[Records from a collection]

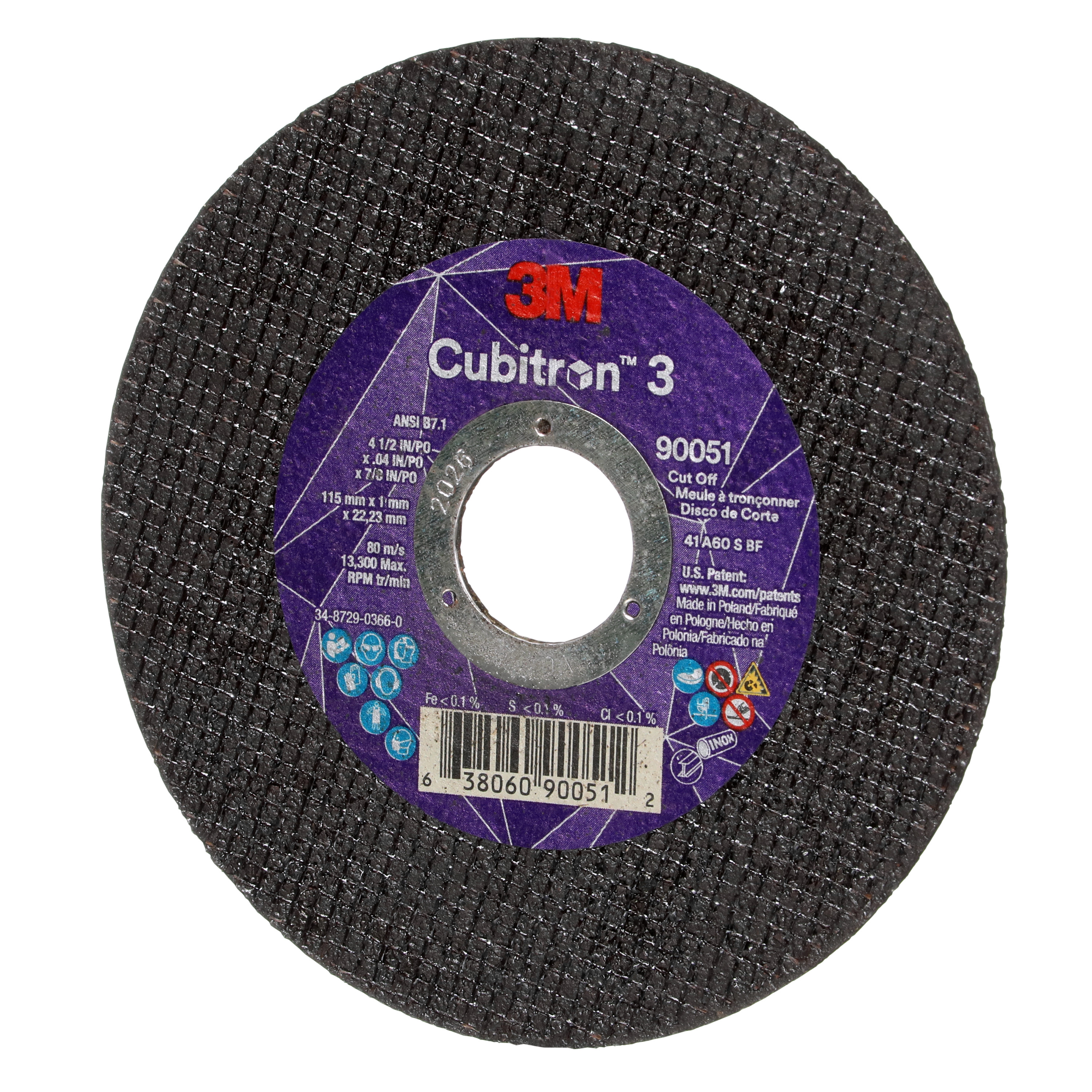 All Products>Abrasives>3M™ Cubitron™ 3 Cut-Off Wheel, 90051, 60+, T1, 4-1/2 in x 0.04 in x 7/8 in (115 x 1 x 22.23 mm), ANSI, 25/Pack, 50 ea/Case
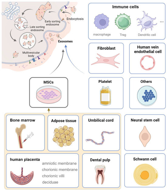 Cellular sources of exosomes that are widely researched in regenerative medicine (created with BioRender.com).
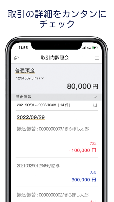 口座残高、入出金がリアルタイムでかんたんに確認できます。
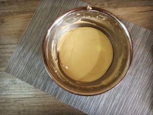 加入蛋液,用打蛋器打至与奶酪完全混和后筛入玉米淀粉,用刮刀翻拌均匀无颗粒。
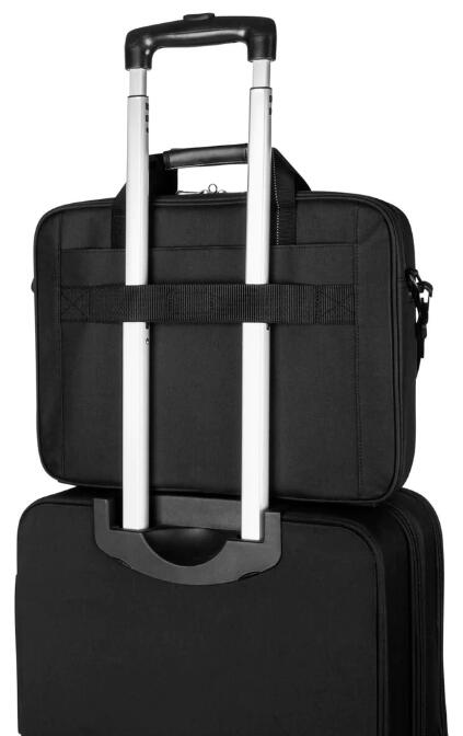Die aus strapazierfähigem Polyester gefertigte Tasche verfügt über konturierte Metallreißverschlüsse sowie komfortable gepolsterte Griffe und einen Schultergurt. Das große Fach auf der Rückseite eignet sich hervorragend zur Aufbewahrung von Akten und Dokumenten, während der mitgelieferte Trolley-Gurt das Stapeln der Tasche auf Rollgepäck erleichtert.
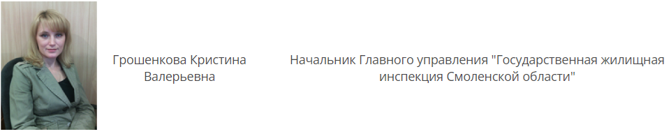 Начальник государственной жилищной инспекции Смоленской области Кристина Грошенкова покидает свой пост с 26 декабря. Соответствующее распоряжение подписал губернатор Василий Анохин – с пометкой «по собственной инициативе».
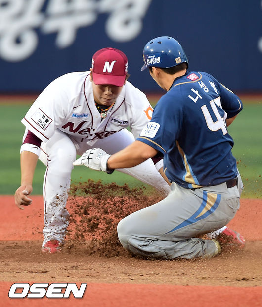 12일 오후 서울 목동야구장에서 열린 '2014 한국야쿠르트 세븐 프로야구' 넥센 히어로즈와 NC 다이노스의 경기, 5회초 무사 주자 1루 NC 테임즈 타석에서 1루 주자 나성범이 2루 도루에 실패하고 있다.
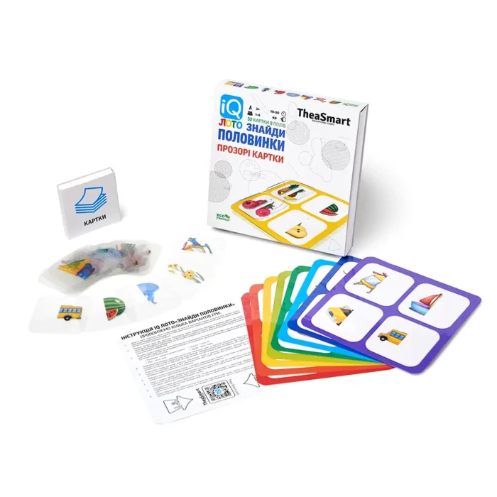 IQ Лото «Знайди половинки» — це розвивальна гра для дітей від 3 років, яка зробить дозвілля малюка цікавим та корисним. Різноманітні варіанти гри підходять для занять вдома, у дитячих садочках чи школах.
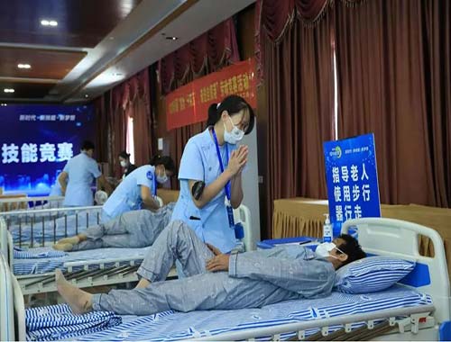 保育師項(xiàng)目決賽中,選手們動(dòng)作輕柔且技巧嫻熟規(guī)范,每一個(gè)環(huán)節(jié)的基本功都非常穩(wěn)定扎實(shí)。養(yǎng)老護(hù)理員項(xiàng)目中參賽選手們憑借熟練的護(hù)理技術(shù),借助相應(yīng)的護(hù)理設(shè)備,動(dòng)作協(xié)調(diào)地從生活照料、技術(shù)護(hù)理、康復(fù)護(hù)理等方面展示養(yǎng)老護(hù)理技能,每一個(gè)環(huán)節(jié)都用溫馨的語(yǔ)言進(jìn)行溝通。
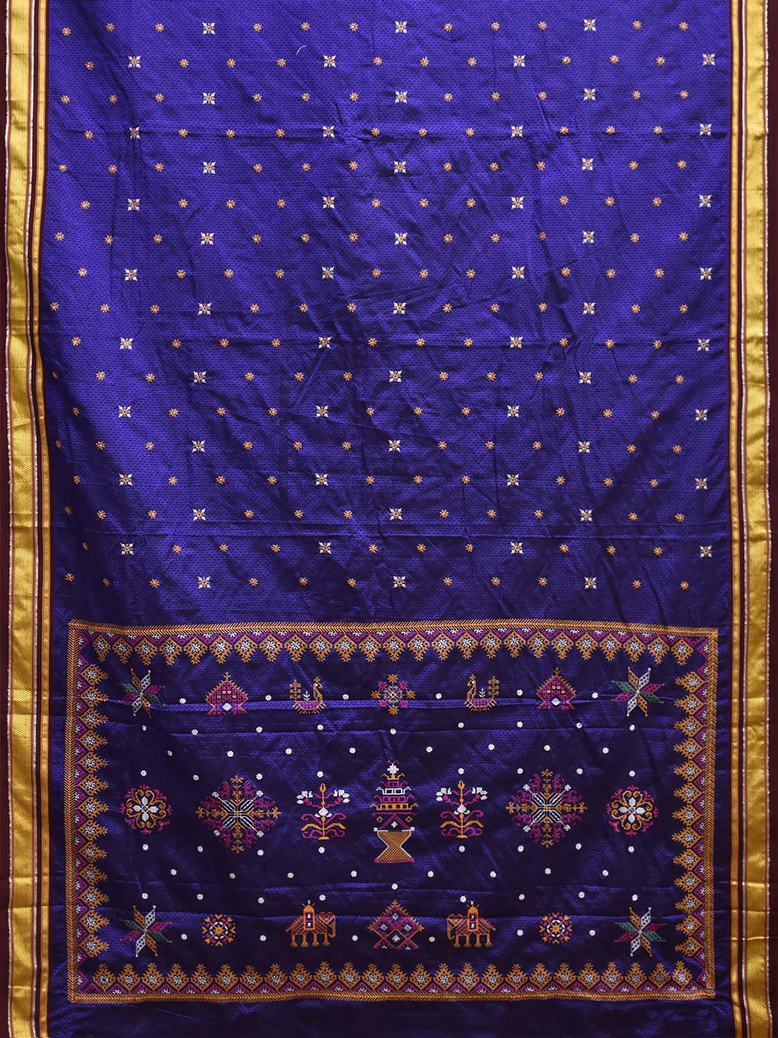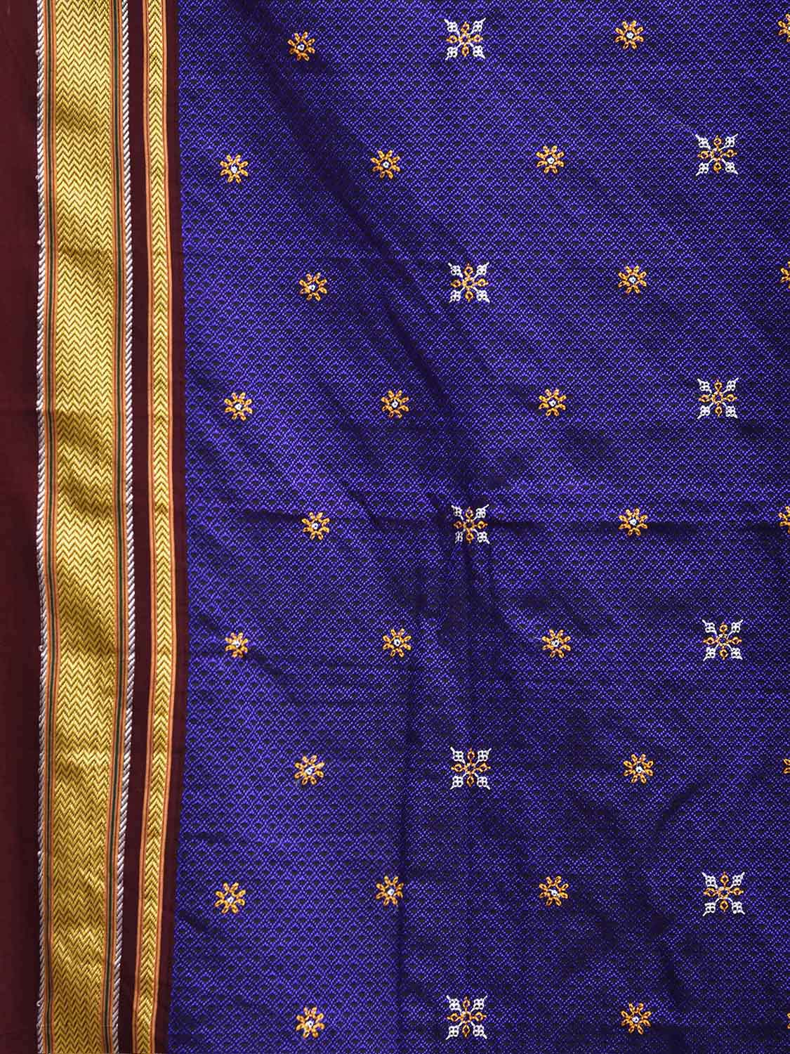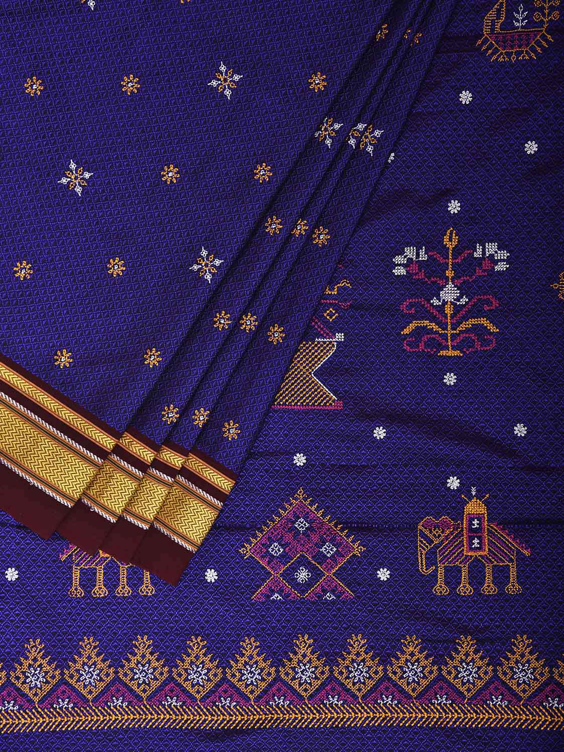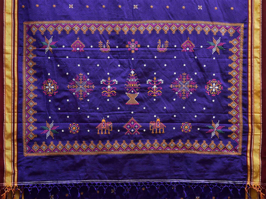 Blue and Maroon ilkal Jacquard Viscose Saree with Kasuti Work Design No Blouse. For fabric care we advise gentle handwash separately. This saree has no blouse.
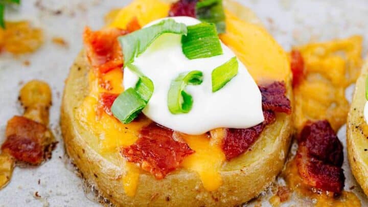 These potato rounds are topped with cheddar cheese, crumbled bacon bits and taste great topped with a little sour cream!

[TASK INSTRUCTIONS] Set down the records above exactly as written, beginning with the first line and ending with the line that contains "口座残高、入出金がリアルタイムでかんたんに確認できます。", and do not include pictures.

[FINISHED EXERCISE]
 All Products>Abrasives>3M™ Cubitron™ 3 Cut-Off Wheel, 90051, 60+, T1, 4-1/2 in x 0.04 in x 7/8 in (115 x 1 x 22.23 mm), ANSI, 25/Pack, 50 ea/Case
 Cellular sources of exosomes that are widely researched in regenerative medicine (created with BioRender.com).
 口座残高、入出金がリアルタイムでかんたんに確認できます。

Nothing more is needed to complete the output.